Separately, Anis Hidayah, executive director of labor watchdog Migrant Care, expressed concern over Yudhoyono’s telephone call, saying that he might be seeking to use Siti’s situation to score political points ahead of July’s presidential election.

“Even though he spoke as the president, it still sounds suspicious,” Anis said. “Not once before did he ever personally call an abused migrant worker.”

Anis said the government needed to issue a strong regulation to protect migrant workers. “A case-by-case solution will not end the problem,” she said.
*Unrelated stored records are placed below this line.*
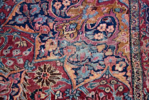 SEMI-ANTIQUE MASHED ORIENTAL CARPET: Approx. 11'5'' x 19', some wear noted, please call for condition.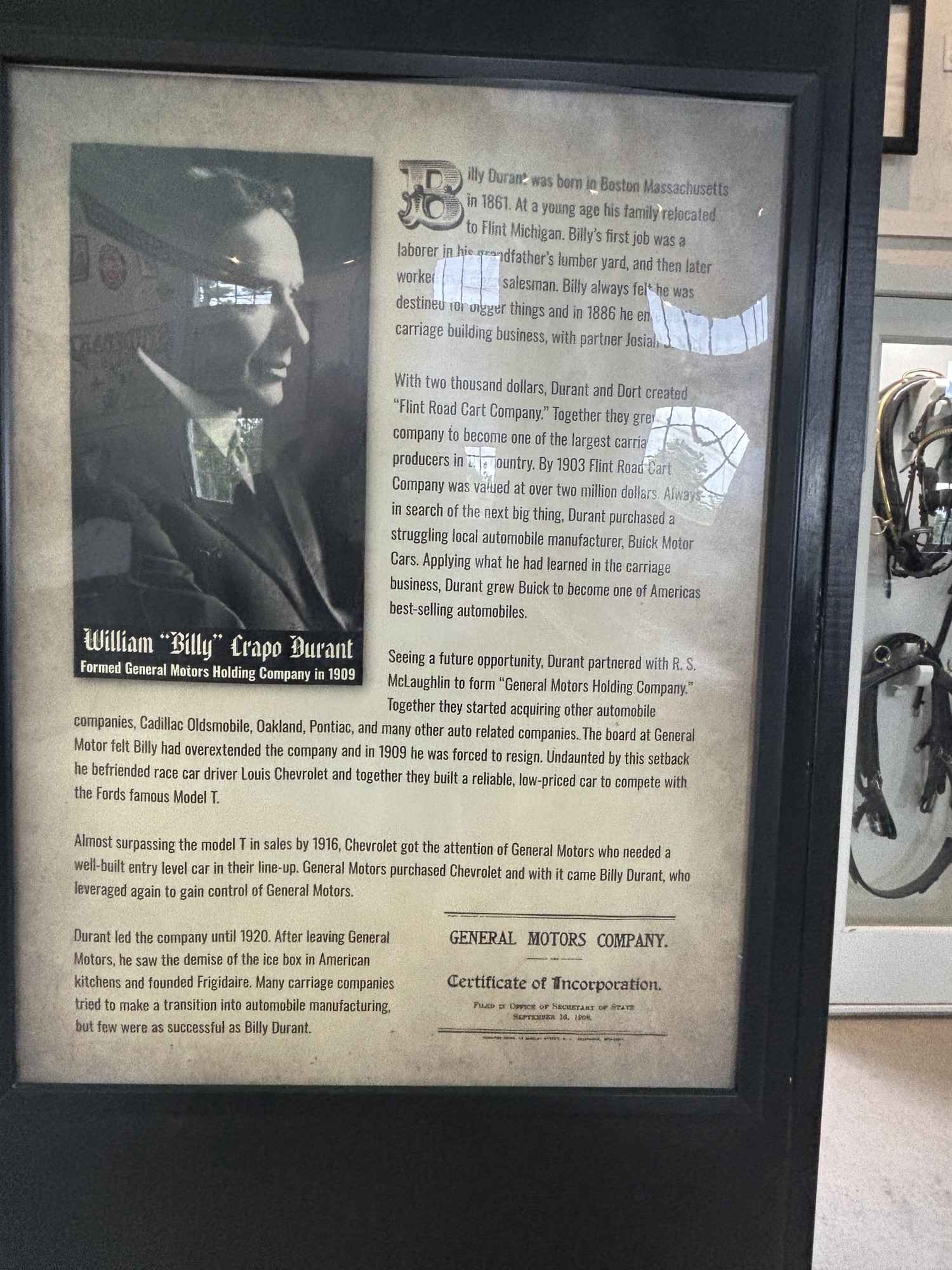 Another interesting historic coach story was about Billy Durant who started building coaches in 1886 and grew that business into forming General Motors by purchasing Buick Motor Cars and later others like Cadillac, Oldsmobile and Pontiac. And then in 1916, they acquired Chevrolet and the rest is history! He later even founded Frigidaire as the demand for the old “ice box” declined. A very interesting story.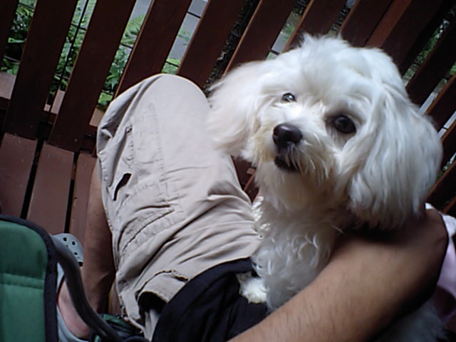 ミックスのメイちゃんはワンコ達が怖いみたい。店長に抱っこが定位置になってます。

Jamaluddin, coordinator of advocacy at the Indonesian Migrant Workers Association, said many abuses went unreported.

“The government cannot deny the fact that there are still many other [women like] Siti Hajar out there,” Jamaluddin said.

He said that there needed to be an agreement between Indonesia and Malaysia to regulate foreign migrant workers in both countries.